**Task brief**
From the line that has "零担和整车的单位价格和单位成" down to the last line of the data below, set down every line exactly, but none of the pictures.

**Data excerpts**
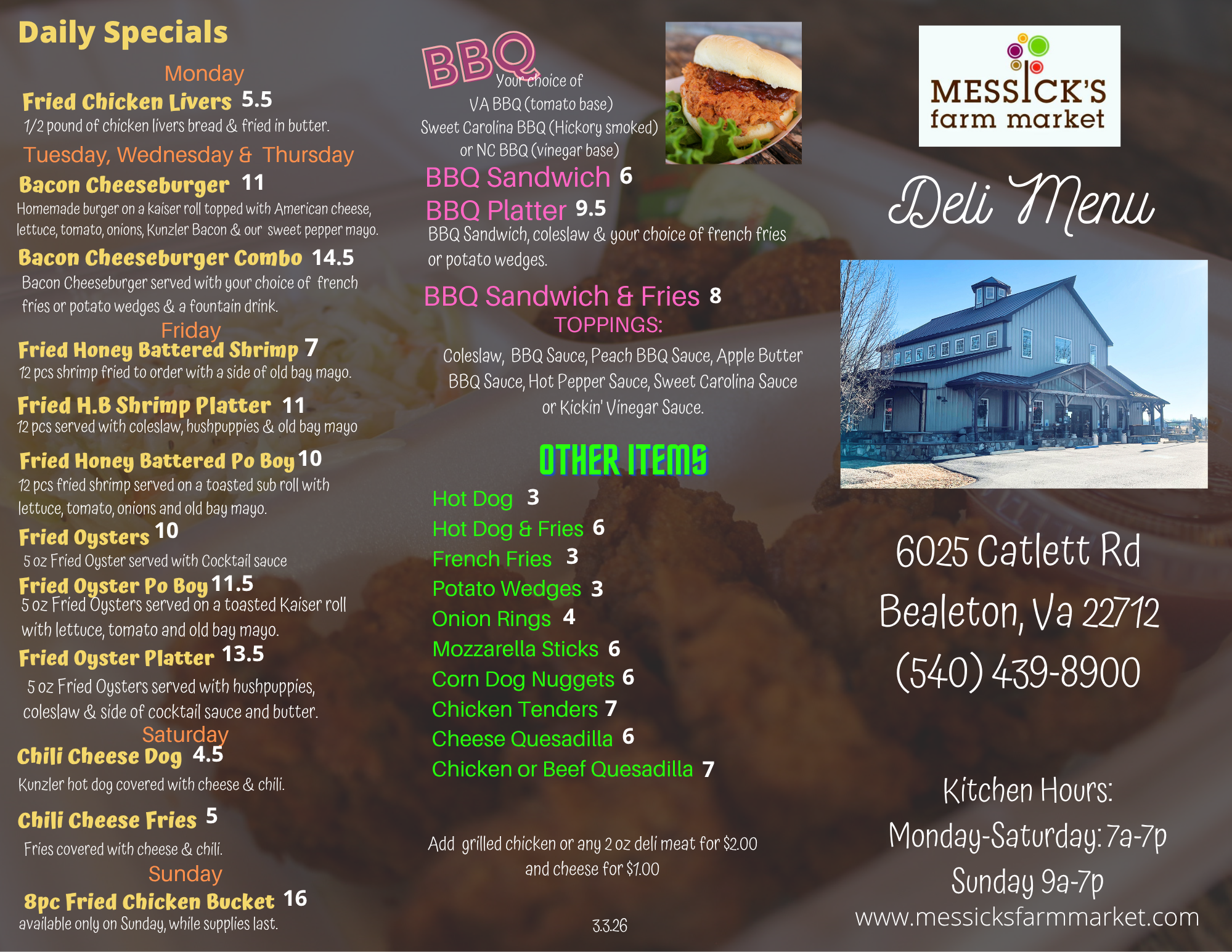 Skip the wait and call in your order at (540)-439-8900! Weāll prepare your order and have it ready for pickup at the counter.
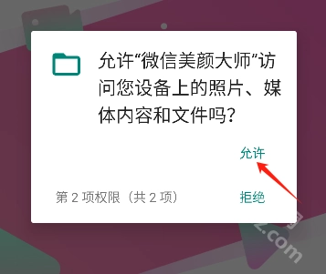 再点击允许微信美颜大师访问设备上的照片、媒体内容和文件
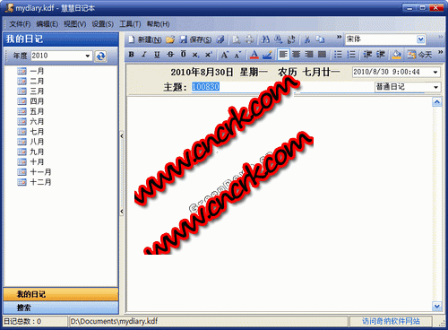 慧慧日記本是一款簡潔易用的電子日記本。它在傳統(tǒng)日記本以天天記錄筆 記的開發(fā)原則上,再實現(xiàn)了日記的打印、加密(保護個人隱私)等功能,軟件 同時支持多種格式的快速導(dǎo)入和導(dǎo)出操作。 慧慧日記本是以日期為排列順序的筆記,既方便查看也方便用戶進行科學(xué) 管理,再加上軟件本身專屬的搜索功能,可以快速準(zhǔn)確的找到想要的內(nèi)容。另 外,日記還增加了多功能編輯器,可以隨心所欲,圖文并茂的記錄生活、工作 、情感上的點點滴滴,擁有慧慧日記本使您的日記不再只有單一的筆墨表達
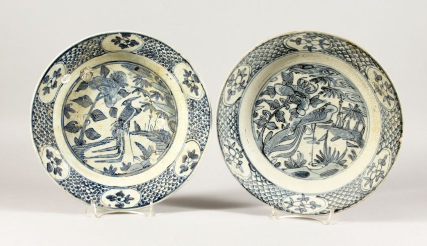 TWO CHINESE WANLI PERIOD BLUE AND WHITE PEACOCK DESIGN PLATES.
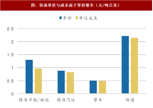零担和整车的单位价格和单位成本都比快递更低。以德邦为例:德邦快递的吨公里价格为2.21元,而其定价相对较高的高端零担产品卡航/城运的价格也只有1.3元,相对应的成本同样如此。
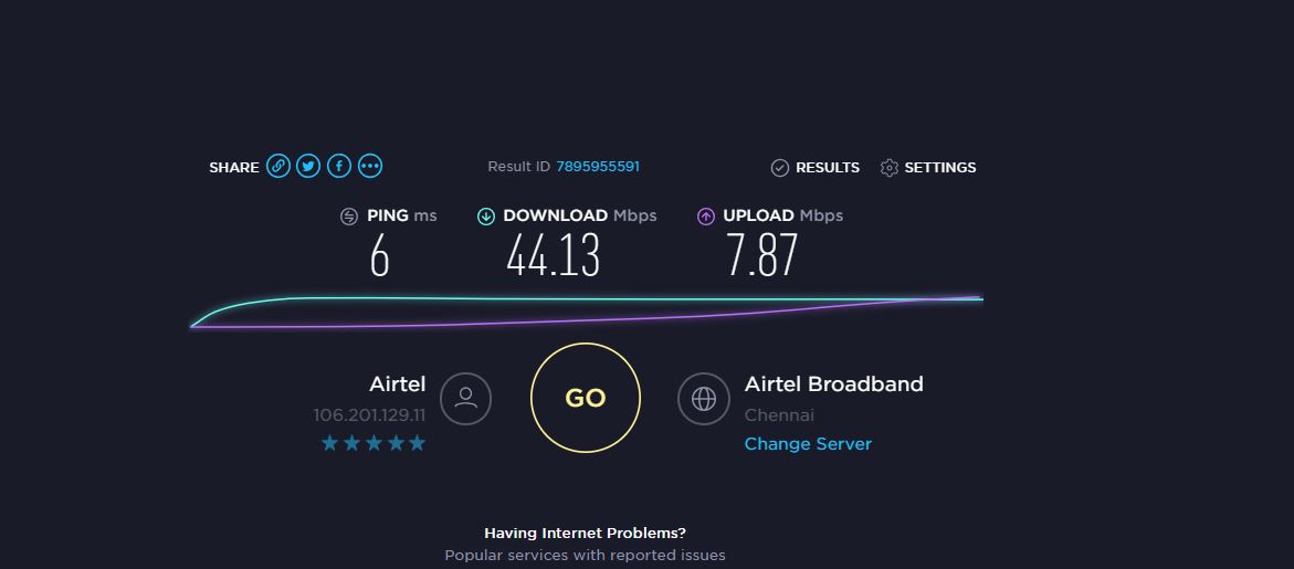 Actual Speed: 44 Mbps

**Solution to this task**
零担和整车的单位价格和单位成本都比快递更低。以德邦为例:德邦快递的吨公里价格为2.21元,而其定价相对较高的高端零担产品卡航/城运的价格也只有1.3元,相对应的成本同样如此。
 Actual Speed: 44 Mbps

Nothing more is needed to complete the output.